Going back to basics can also include taking the time to read children’s books with your grandkids, such as “The Polar Express” by Chris Van Allsburg, “How the Grinch Stole Christmas!” by Dr. Seuss or “The Three Bears’ Christmas” by Kathy Duval.

Storytime aside, do your grandkids seem like brats at the holidays? Keep in mind that many kids who visit overnight are out of their routines. Changes such as a too-late bedtime, too much stimulation and excessive sugar can negatively affect their behavior.

Also, be aware that visiting children who appear extremely finicky may actually have sensory difficulties. Behaviors to look for include: picky eating; covering their ears at noise; hating tags and seams in clothes; refusing to wear shoes or preferring only one shoe type; sucking on their sleeves; or fighting about brushing their teeth and hair.

Forcing behavior that you’d rather see doesn’t work, and looking askance at the dinner table just makes kids and their parents feel bad.

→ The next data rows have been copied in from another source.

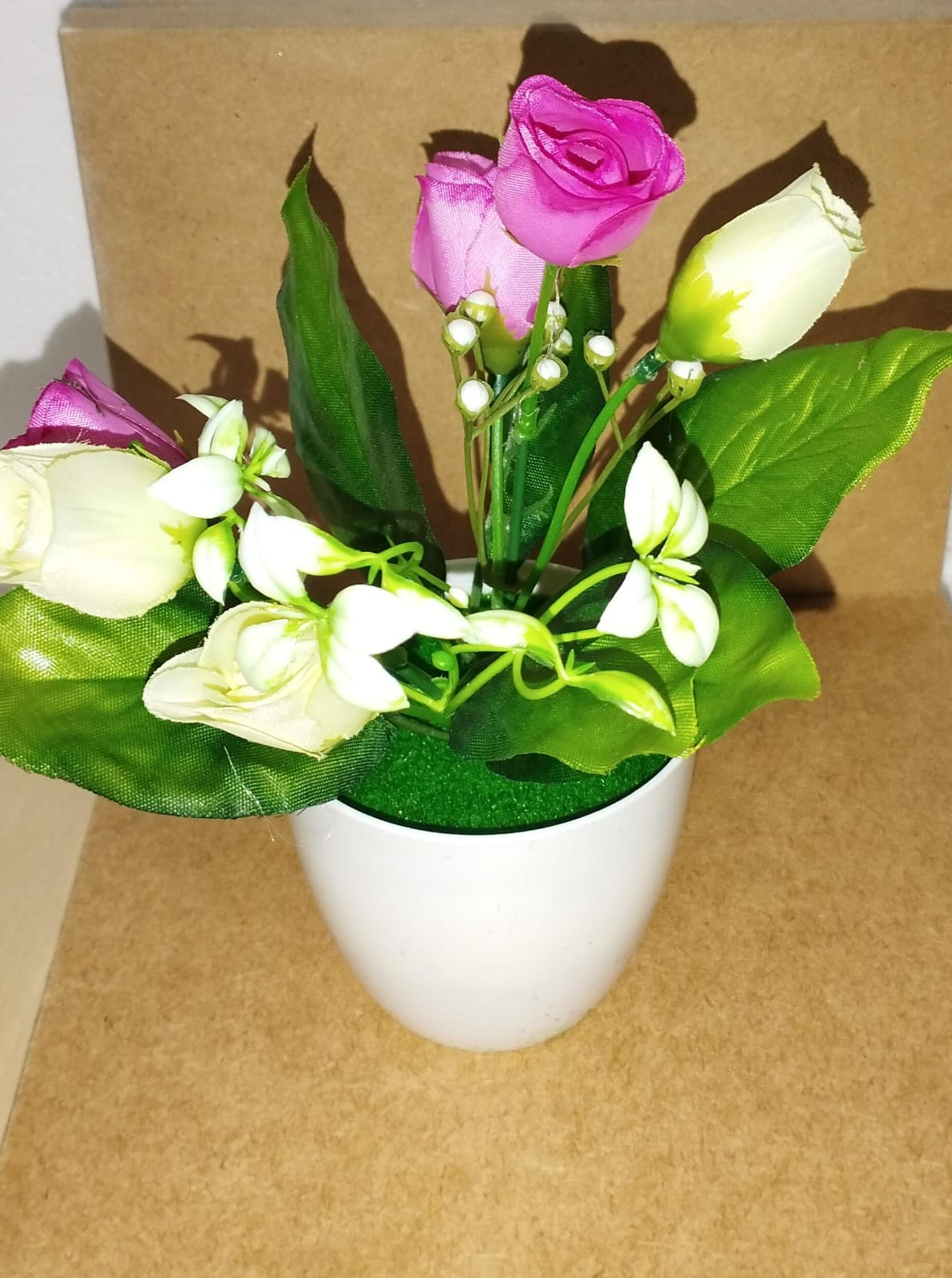 Vasos de plantas artificiais em cores variadas (necessário consulta).
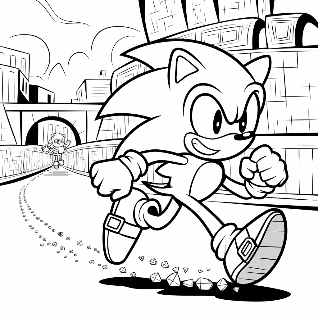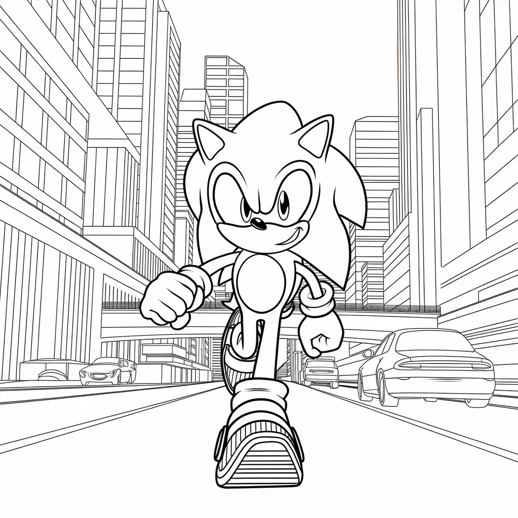 Ilustrasi Sonic yang berlari cepat di antara gedung-gedung kota modern, memberi tantangan gradasi warna.
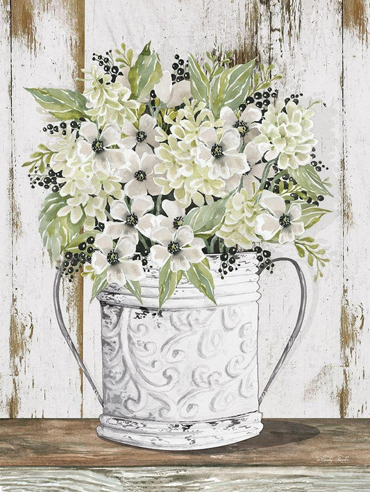 Floral Country Crocks White Modern Wood Framed Art Print with Double Matting by Jacobs, Cindy
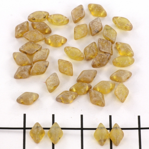 De gemduo is een Tsjechische glaskraal van van 5 mm breed en 8 mm hoog met een dikte van 3.5 mm. Deze ruitvormige kraal beschikt over twee gaten. De unieke vorm en rechte lijnen zorgen er voor dat deze kralen goed op elkaar aansluiten.
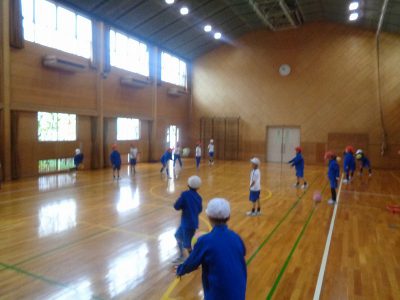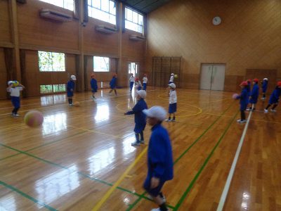 体育の学習は「リズムトレーニング」と「ボール投げ運動」です。
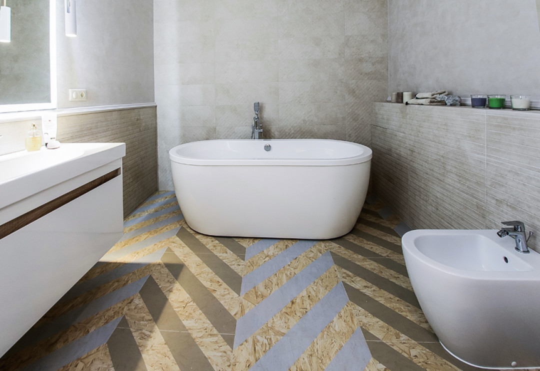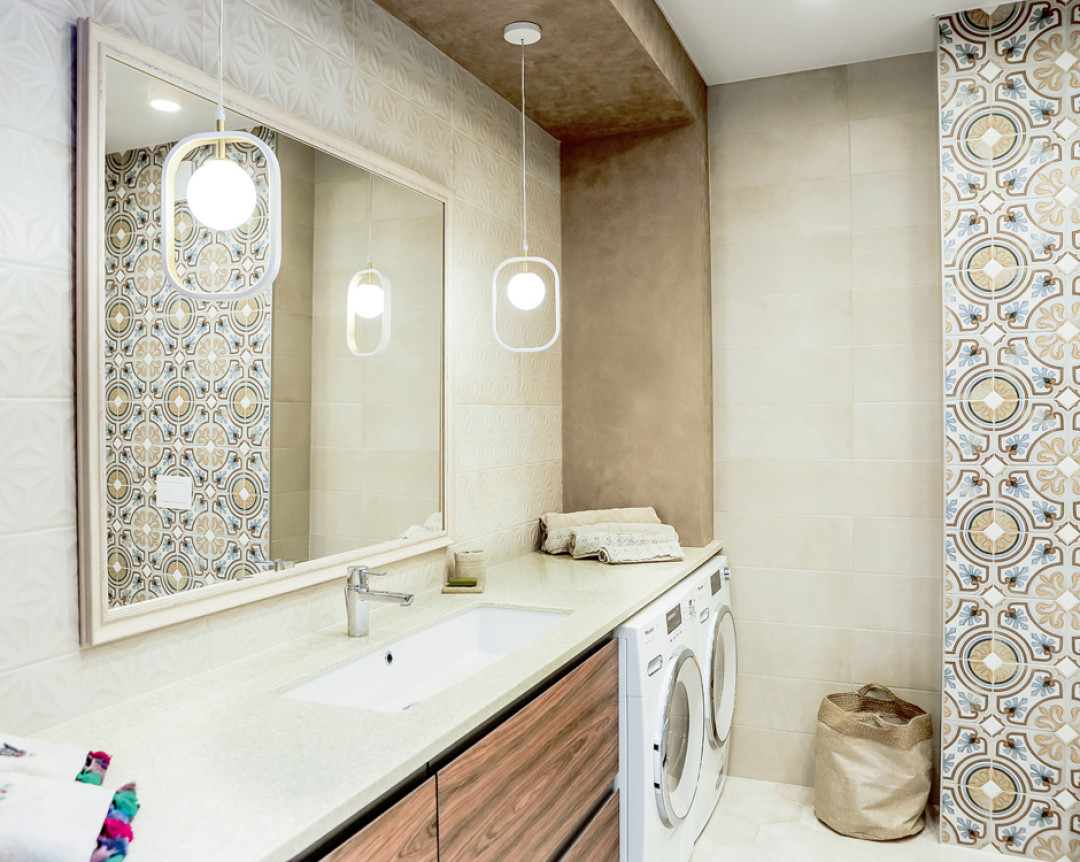 В санузлах установлены ванна, унитаз и биде оформление в ванных комнатах вторит общей концепции интерьера. Для отделки стен и пола была приобретена керамическая плитка, материал которой отличается прочностью и износостойкостью.
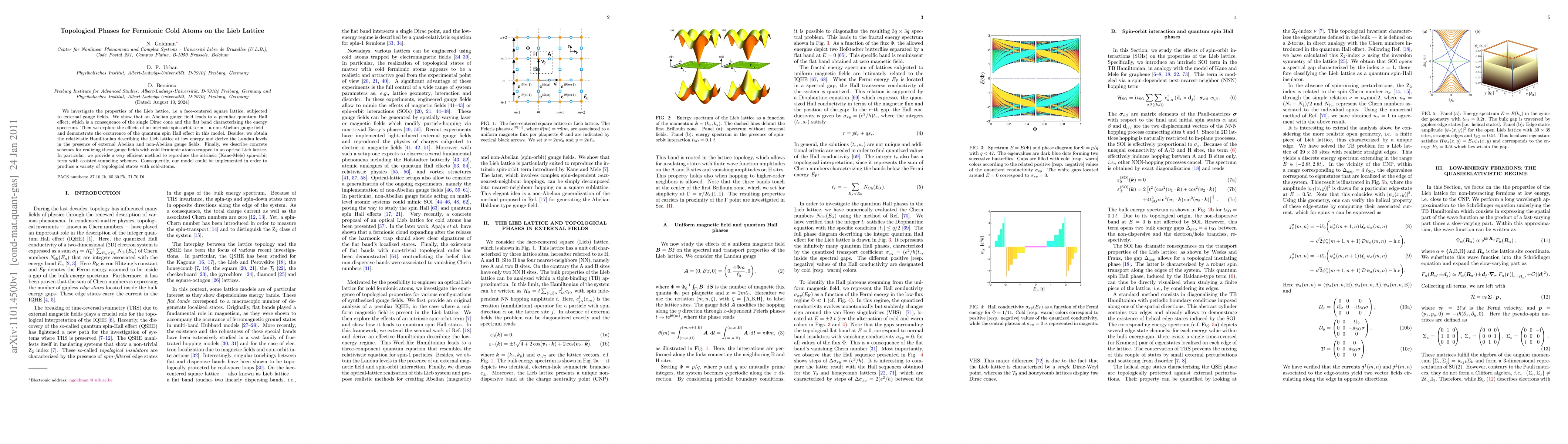 This paper explores the topological phases of fermionic cold atoms on the Lieb lattice, demonstrating quantum Hall and spin Hall effects due to external and intrinsic gauge fields. It proposes a method for realizing these effects using cold atoms in optical lattices, highlighting efficient schemes for intrinsic spin-orbit coupling.
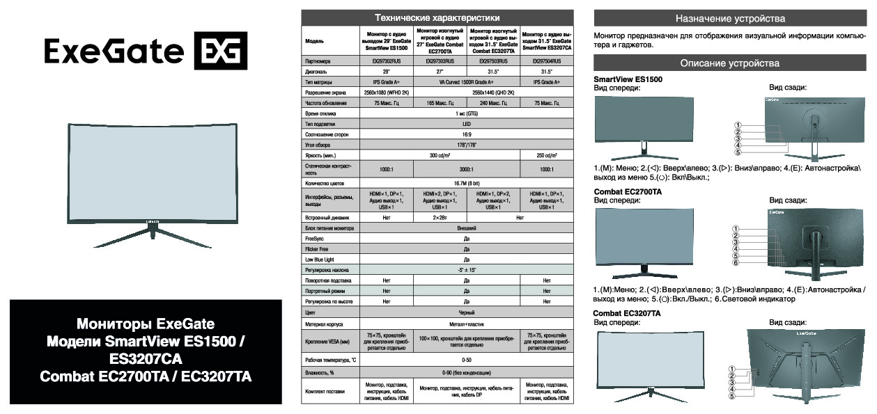 В данной категории вы найдете информацию о различных моделях мониторов ExeGate, их технических характеристиках и особенностях. Для удобства пользователей предоставляется возможность скачать руководство пользователя, в котором содержатся подробные инструкции по установке, настройке и эксплуатации мониторов. Это поможет вам максимально эффективно использовать все возможности вашего устройства и улучшить качество работы.
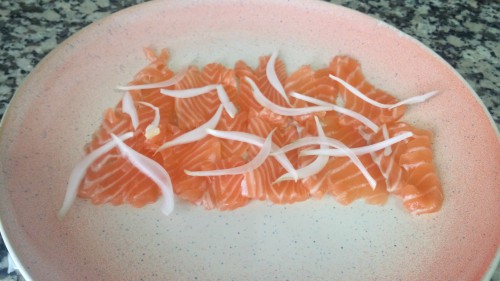 - Esparcir la cebolla por encima del salmón.
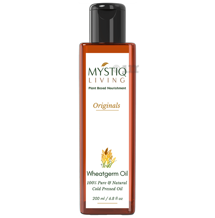 Mystiq Living Originals Wheatgerm Oil is a 100% pure and cold-pressed oil extracted from the finest quality fresh wheat germs, without the use of heat or refining agents. This natural unrefined state ensures the highest retention of nutrients.Wheat germ oil is rich in a variety of essential nutrients, including Folic acid, vitamin A, vitamin D, various vitamin B variants, vitamin E, Magnesium, Zinc, Potassium, antioxidants, and omega fatty acids. This nutrient-packed oil makes it an ideal addition to your skincare routine. When applied topically, Mystiq Living's wheat germ oil acts as a rejuvenating elixir for your skin.
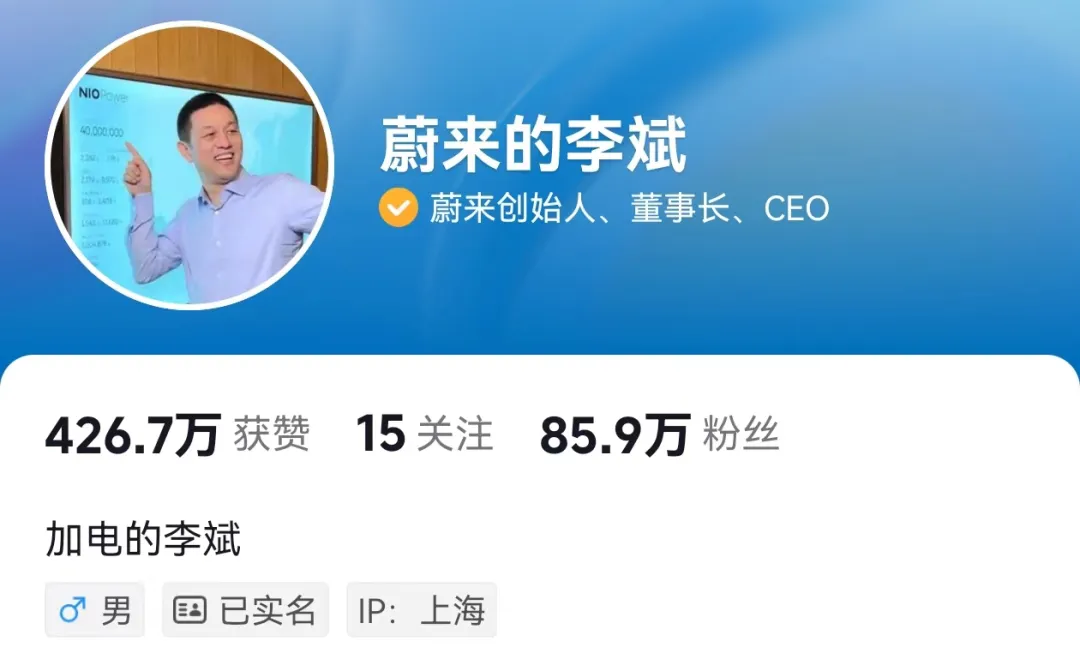 目前,雷軍微博粉絲2384.6萬,抖音粉絲2290萬;李斌微博粉絲59.1萬,抖音粉絲85.8萬;何小鵬微博粉絲131萬,抖音賬號40萬;哪吒張勇微博粉絲33.5萬,抖音賬號粉絲28.6萬;魏建軍微博粉絲25.5萬,抖音粉絲46.8萬。
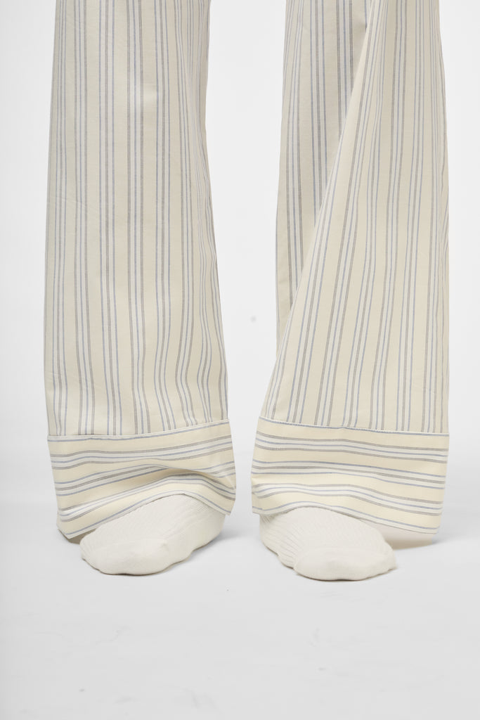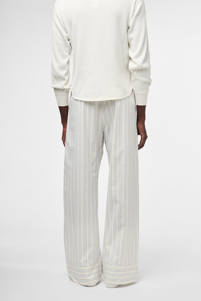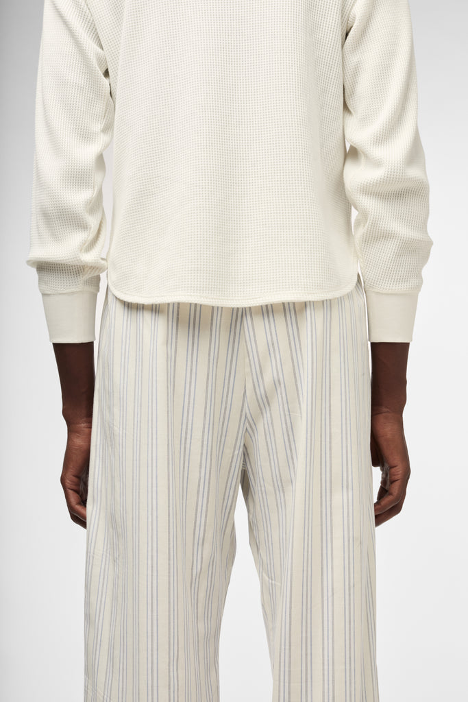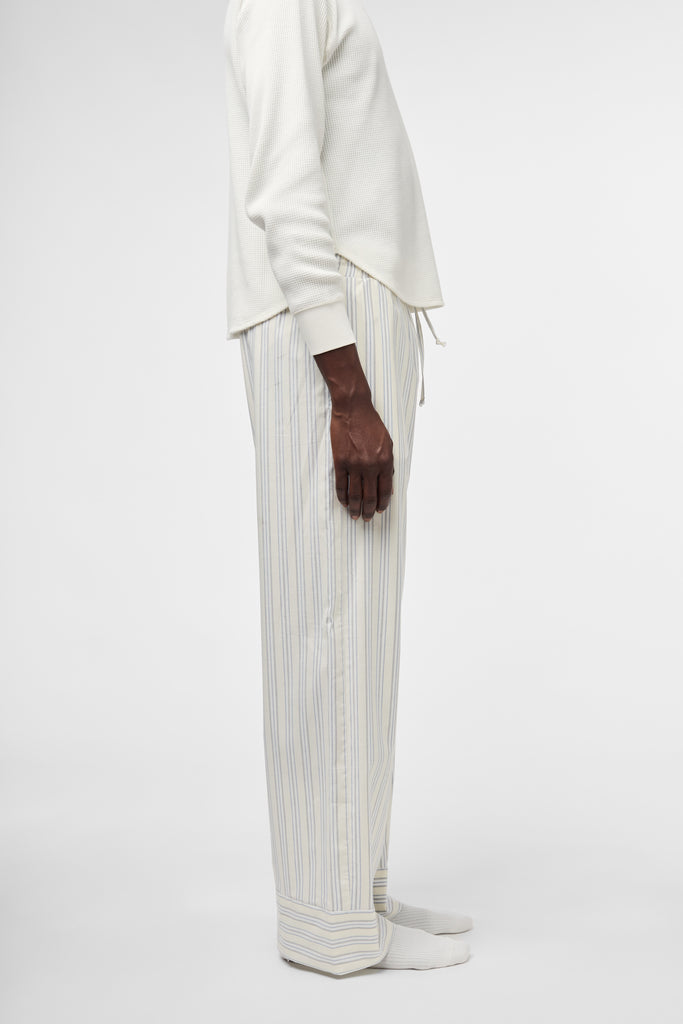 Our perfect everyday pant is made from lightweight cotton for a relaxed, boxy fit. This unisex pant offers the comfort and ease of pajamas, reimagined for daytime wear in a polished poplin stripe. Each style is crafted from deadstock materials, meaning every piece we produce is in limited quantities, and no color is reproduced.
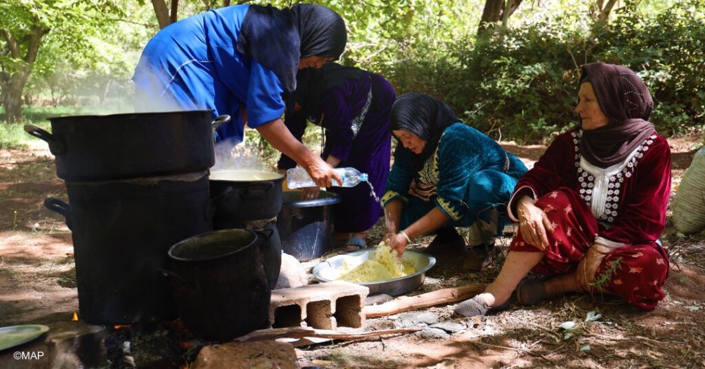 تقول إيجة، في تصريح مماثل، وهي توقد النار في “كانون” ثبتت فوقه بعناية آنية كبيرة لطبخ أكلة الكسكس، “نساء القرية كلهن معروفات بحيويتهن ومثابرتهن، فحتى في الأيام العادية، يحرصن على مساعدة أزواجهن في الحقول وتربية المواشي وكل أشغال البيت”.

Instead, be sensitive and patient with all your young guests.

When your home is full of little guests, safety and childproofing are paramount. Here are some tips from the Consumer Product Safety Commission that can help you provide a safe environment for children visiting your home:

• Keep medicines and household chemicals in their original, child-resistant containers.

• Store potentially hazardous substances up and out of a child’s sight and reach.

• Keep the national Poison Help Line number, (800) 222-1222, handy in case of a poison emergency.

• Leave the original labels on all products, and read the labels before using them.

• Always refer to medicine as “medicine,” not “candy.”

• Clean out the medicine cabinet and safely dispose of unneeded and outdated medications.

• Don’t put candles or decorative lamps that contain oil where children can reach them. Lamp oil can be very toxic if ingested.

• Secure colorful packets of laundry or dishwasher detergents out of the reach of children. They look like candy and are a poisoning risk if ingested.